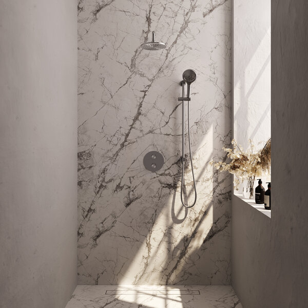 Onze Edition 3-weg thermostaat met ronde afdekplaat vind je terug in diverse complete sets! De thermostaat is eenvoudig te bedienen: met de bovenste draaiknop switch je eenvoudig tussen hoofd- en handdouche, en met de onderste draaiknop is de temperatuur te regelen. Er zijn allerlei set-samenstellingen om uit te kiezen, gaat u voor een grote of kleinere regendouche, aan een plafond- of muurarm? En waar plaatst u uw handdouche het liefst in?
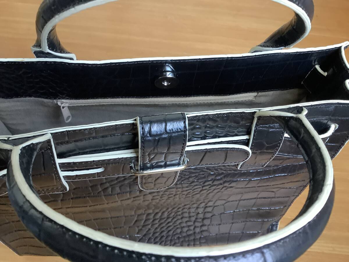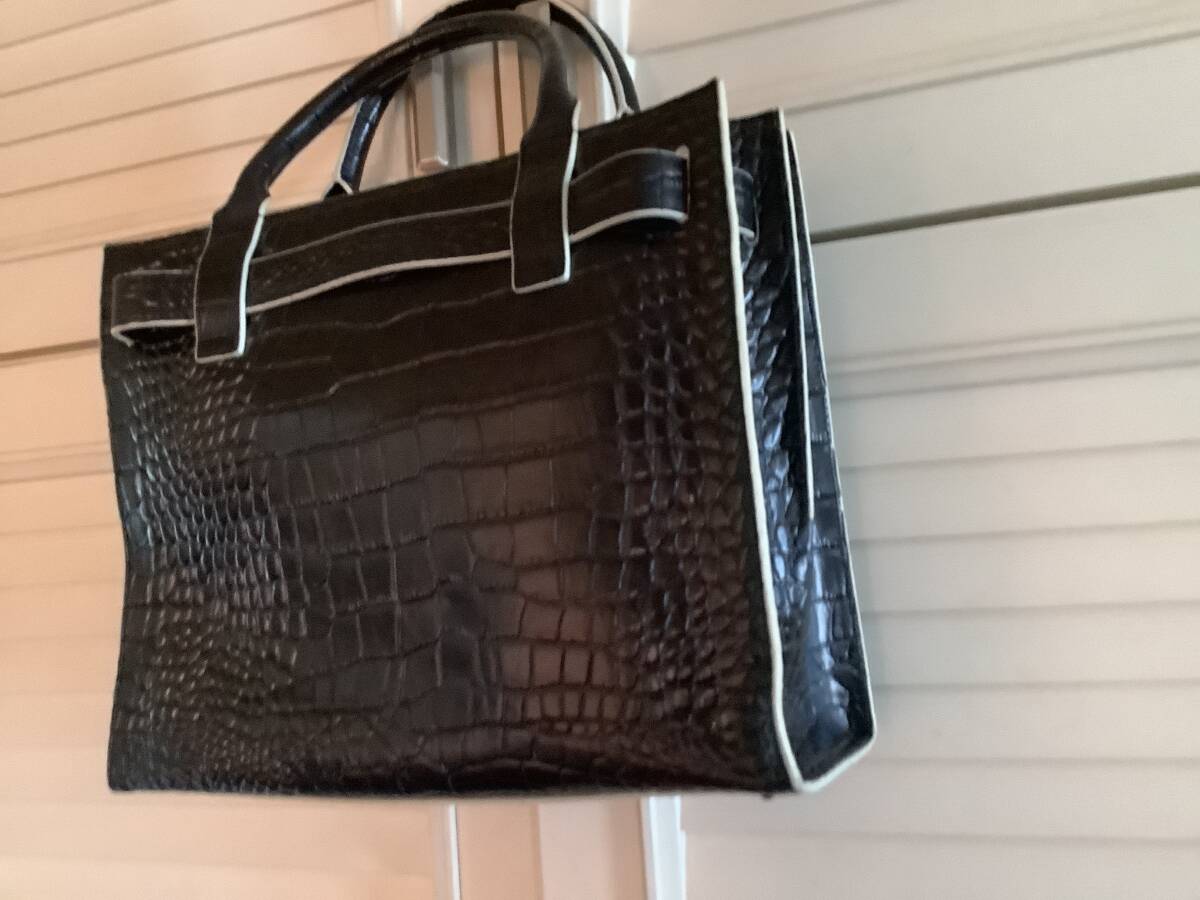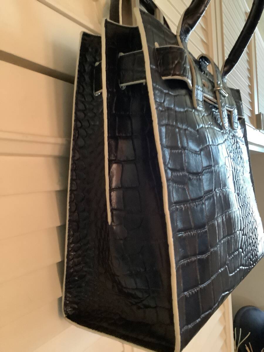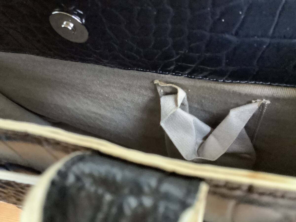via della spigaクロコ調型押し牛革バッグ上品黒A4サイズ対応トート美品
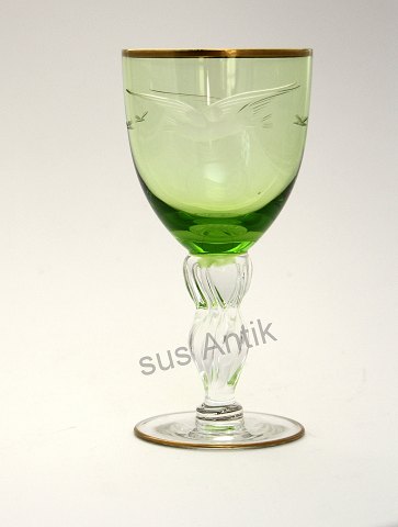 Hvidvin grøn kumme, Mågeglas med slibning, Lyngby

• TASK
A verbatim retyping of the listing, without any pictures, is the expected answer.

• ANSWER TO THIS PROBLEM
 Onze Edition 3-weg thermostaat met ronde afdekplaat vind je terug in diverse complete sets! De thermostaat is eenvoudig te bedienen: met de bovenste draaiknop switch je eenvoudig tussen hoofd- en handdouche, en met de onderste draaiknop is de temperatuur te regelen. Er zijn allerlei set-samenstellingen om uit te kiezen, gaat u voor een grote of kleinere regendouche, aan een plafond- of muurarm? En waar plaatst u uw handdouche het liefst in?
via della spigaクロコ調型押し牛革バッグ上品黒A4サイズ対応トート美品
 Hvidvin grøn kumme, Mågeglas med slibning, Lyngby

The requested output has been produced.